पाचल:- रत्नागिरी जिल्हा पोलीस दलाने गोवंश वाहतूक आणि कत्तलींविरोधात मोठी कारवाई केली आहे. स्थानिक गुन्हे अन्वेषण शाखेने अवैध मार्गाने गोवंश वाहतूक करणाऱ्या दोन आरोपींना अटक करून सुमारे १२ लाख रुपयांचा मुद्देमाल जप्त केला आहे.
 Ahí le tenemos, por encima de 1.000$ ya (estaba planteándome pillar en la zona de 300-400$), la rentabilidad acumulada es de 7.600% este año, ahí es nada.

———

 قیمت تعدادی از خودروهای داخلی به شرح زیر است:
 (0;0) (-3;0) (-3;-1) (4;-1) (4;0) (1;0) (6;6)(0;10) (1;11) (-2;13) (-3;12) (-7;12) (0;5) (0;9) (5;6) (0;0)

———

* **EXERCISE**: Which lines above run from the one containing "पाचल:- रत्नागिरी जिल्हा" to the one containing "Ahí le tenemos, por"? Give them again exactly, both ends included.

* **SOLUTION TO THIS TASK**:
पाचल:- रत्नागिरी जिल्हा पोलीस दलाने गोवंश वाहतूक आणि कत्तलींविरोधात मोठी कारवाई केली आहे. स्थानिक गुन्हे अन्वेषण शाखेने अवैध मार्गाने गोवंश वाहतूक करणाऱ्या दोन आरोपींना अटक करून सुमारे १२ लाख रुपयांचा मुद्देमाल जप्त केला आहे.
 Ahí le tenemos, por encima de 1.000$ ya (estaba planteándome pillar en la zona de 300-400$), la rentabilidad acumulada es de 7.600% este año, ahí es nada.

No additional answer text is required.